@medfeb Could you elaborate on what you meant by your top goal? You had said we needed:
A fundamental reboot in all facets of U.S. federal public health policy toward this disease.
How would you or others describe this situation you'd like to fix to an uninformed person? What are some suggested fixes you or others would like to see?
Answering these two questions for each goal is what we're now asking people to do.
New patients and people not educated in ME/CFS often don't know the acronyms either.
True. We need an introductory statement of what this disease is. Congress members will likely not know unless they've had this disease in their families or have had occasion to work on these issues.
Hi
@Sasha
The one thing I thought of to add to my "list of specifics" would be a study of
DALY in this disease (and RFA for this?); it would need to include moderately-severe and very severe patients.
for instance, Centers of Excellence including the centers which have been being developed without Federal intervention;
biobanks;
RFAs for biopathology, biomarkers, and studies leading to pharmacology;
an RFA for incidence and prevalence;
an RFA for natural course...
It seems that between this post and our previous suggestions that we have enough suggested research ideas to fill a few sentences. I think what
@Sasha was asking you to do was to work on several good sentences to sum up the current research situation and some suggested fixes. The answers are the kind of wording we need now for each goal. Any more volunteers for other goals?
@WillowJ I undertand what your saying. I think that's why it's important to highlight the inequality/parity with all diseases. The illness is marginalised regardless of fitting in any box and in many ways. I think focussing on prevalence, functional loss and suffering hits an ethical and moral point which is a good thing to do. That's why I said I wasn't meaning it should be included to Sasha I was just highlighting how marginalised it is. You have also highlighted how this is so in another way in the US.
This is well-put and we should incorporate some of this wording into our letter. We should think about where it fits best: intro, certain goals, etc.
Just working on the intro paras.
Can a US person tell me who/how many people represent each citizen in congress?
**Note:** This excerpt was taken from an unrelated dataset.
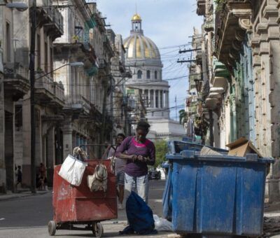 Leer(EFE).- Rafael, un ciudadano de Cuba de 56 años, saca una bolsa de plástico con cuatro panes duros de un contenedor que desborda basura y q

Do you each have one congressperson plus one senator?
I've been trying to figure this out by putting the zip code and address of one or two restaurants into some of those 'find your rep' sites but I seem to be doing it wrong!
Like this one:
https://www.opencongress.org/people/zipcodelookup
Does it just want a five-digit zip code plus the number of your house?
Each person has one congress member and two senators. Except in our capitol, D.C. and in U.S. territories (Puerto Rico,etc.): they only have if lucky, one non-voting member. opencongress.org was one of the look-up sites I had been referring to, previously - thanks . I just tried it, with only my 5-digit zip and it works. Each location also has a 4-digit zip in addition to the 5 digit zip, but most people don't know theirs. The 5-digit zip is usually all a person needs to find their representatives. But in some cases the additional 4-digit code might be needed, if your zip code is split between districts.
Each state has two senators and each congressional district within the state, has 1 congressman or congresswoman. D.C. has one congresswoman. She does not vote, but participates in debates.